Directions
Would you retype exactly the lines from the one containing "Nueva máquina para trillar granos." through the last line of the records below, and nothing else?

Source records
........
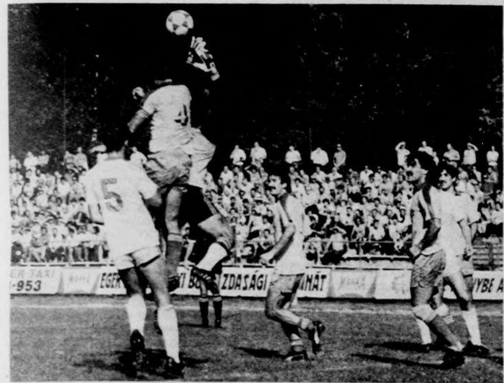
Munkában a tatabányai kapus

Szász a 62., Mohácsi a 83. percben. Szóletárny: 4:2 (3:1) a DMVSC javára.
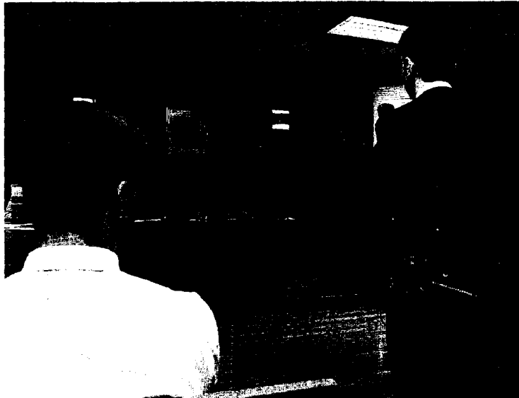
RESPUESTA VELOZ. Celebración de un juicio rápido en la Audiencia de Vitoria.

Aya considera que las vistas urgentes «ahorran tiempo, burocracia y trabajo a medio y largo plazo», y son eficaces para «frenar la repetición de delitos» de poca
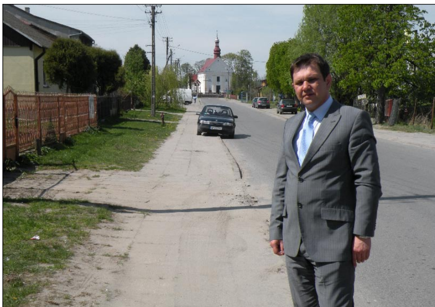
Droga powiatowa w Radzanowie będzie zmodernizowana wraz z chodnikami.
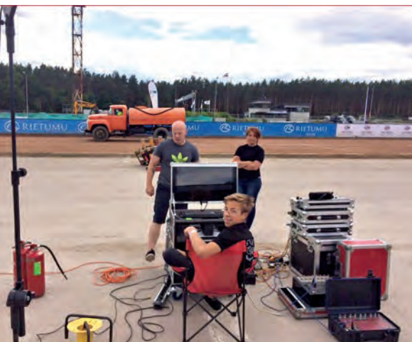
Salūta vadības centrs "Speedway Riga grand prix 2015"
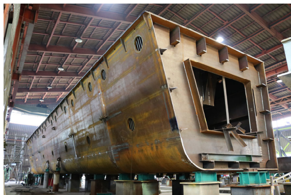
図 4 津波対策用大型水門

平成 23 年 3 月に発生した東日本大震災後の復興において、岩手県内に大型の橋梁工事、津波対策用大型水門・陸閘工事が数多く事業化され、地元企業に元請施工するチャンスを得た。津波荷重に対して設計された大断面箱桁状の扉体を有するゲート（図 4）は、運搬可能なサイズに分割、現場に運び込んで地組立を行い、形状管理を徹底して現場で全線完全溶込み溶接を行い、X 線検査を合格させた。
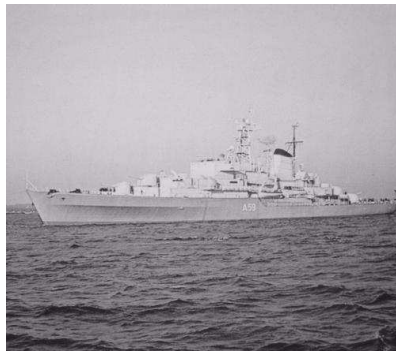
Schulschiff Deutschland A59 (Klasse 440)
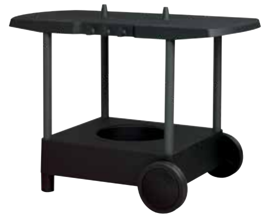
NEUHEIT MORSØ TAVOLO - Tisch nur für Forno Gas
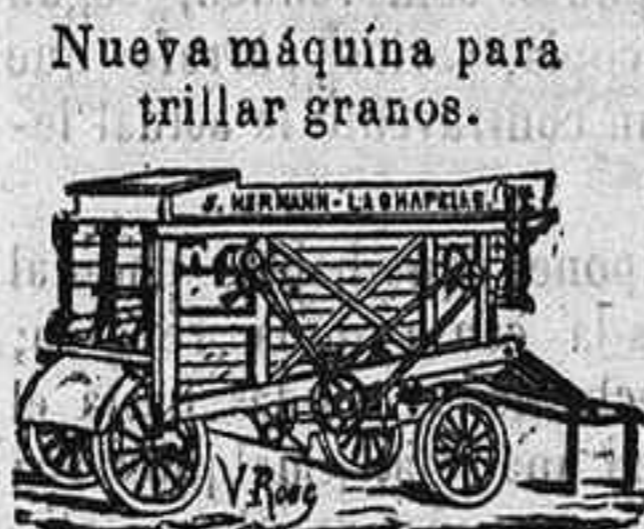
Nueva máquina para trillar granos.

Nuevos molinos de harina sobre zócalo Boffeoi de hierro.
........
Answer for this exercise
Nueva máquina para trillar granos.

Nuevos molinos de harina sobre zócalo Boffeoi de hierro.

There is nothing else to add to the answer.